The volume of data recorded by current and future astrophysics experiments, and their complexity require a broad panel of knowledge in computer science, signal processing, statistics, and physics. Precise analysis of those data sets is a serious computational challenge, which cannot be done without the help of state-of-the-art tools. This requires sophisticated and robust analysis performed on many machines, as we need to process or simulate several times data sets. Among the future experiments, the Large Synoptic Survey Telescope (LSST) will collect terabytes of data per observation night, and their efficient processing and analysis remains a major challenge.
In this work, we investigate how to leverage Apache Spark to process and analyse future data sets in astronomy. We study the question first in the context of the FITS file format used across a wide range of astrophysical experiments. To this purpose we designed a data source API extension (spark-fits) to manipulate telescope images and astronomical tables with Apache Spark without performing data conversion, and we developed a new Apache Spark extension (spark3D) to manipulate 3D data sets and perform efficient queries: distribute 3D shapes, data sets join and cross-match, nearest neighbours search, spatial queries, and more.

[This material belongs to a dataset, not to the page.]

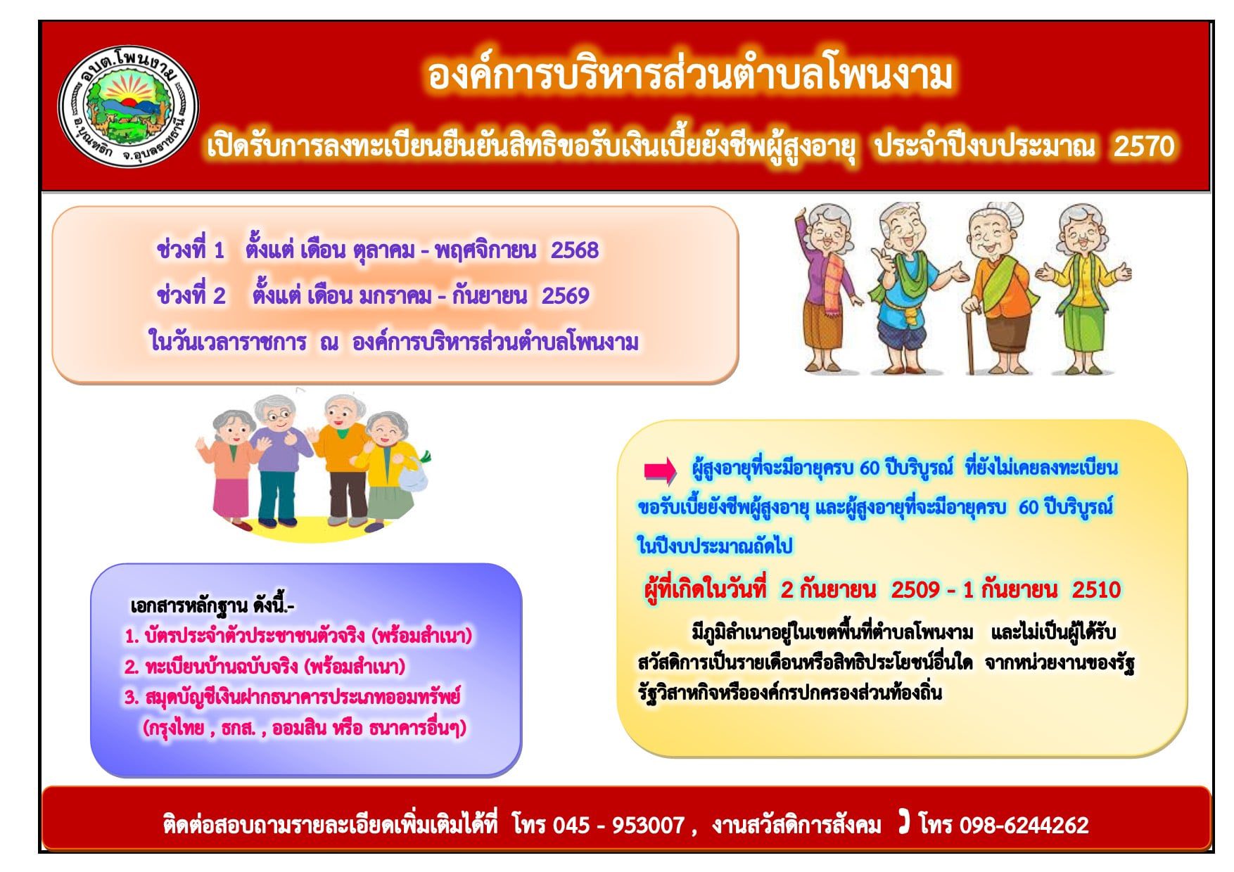 วันที่ 3 กันยายน 2568 ประชาสัมพันธ์ งานสวัสดิการสังคม องค์การบริหารส่วนตำบลโพนงาม เปิดรับลงทะเบียนยืนยันสิทธิขอรับเงินเบี้ยยังชีพผู้สูงอายุ ประจำปีงบประมาณ 2569 และ 2570

We will then share experience in interfacing existing codes in astronomy with Apache Spark: the difficulties but also the gain in using such a framework compared to previous performances.
Finally I will introduce AstroLab Software (https://astrolabsoftware.github.io), a project aiming at providing advanced software tools to overcome modern science challenges faced by research groups.
This seminar will be accessible to non-astronomers.
3.4 millions simulated galaxies from LSST DC2 data. Redshift between 1 (white) and 1.2 (black). Data extracted with LAL/Spark from a 11 GB catalog parquet file. It is displayed on the 3x3 LAL little wall of screens.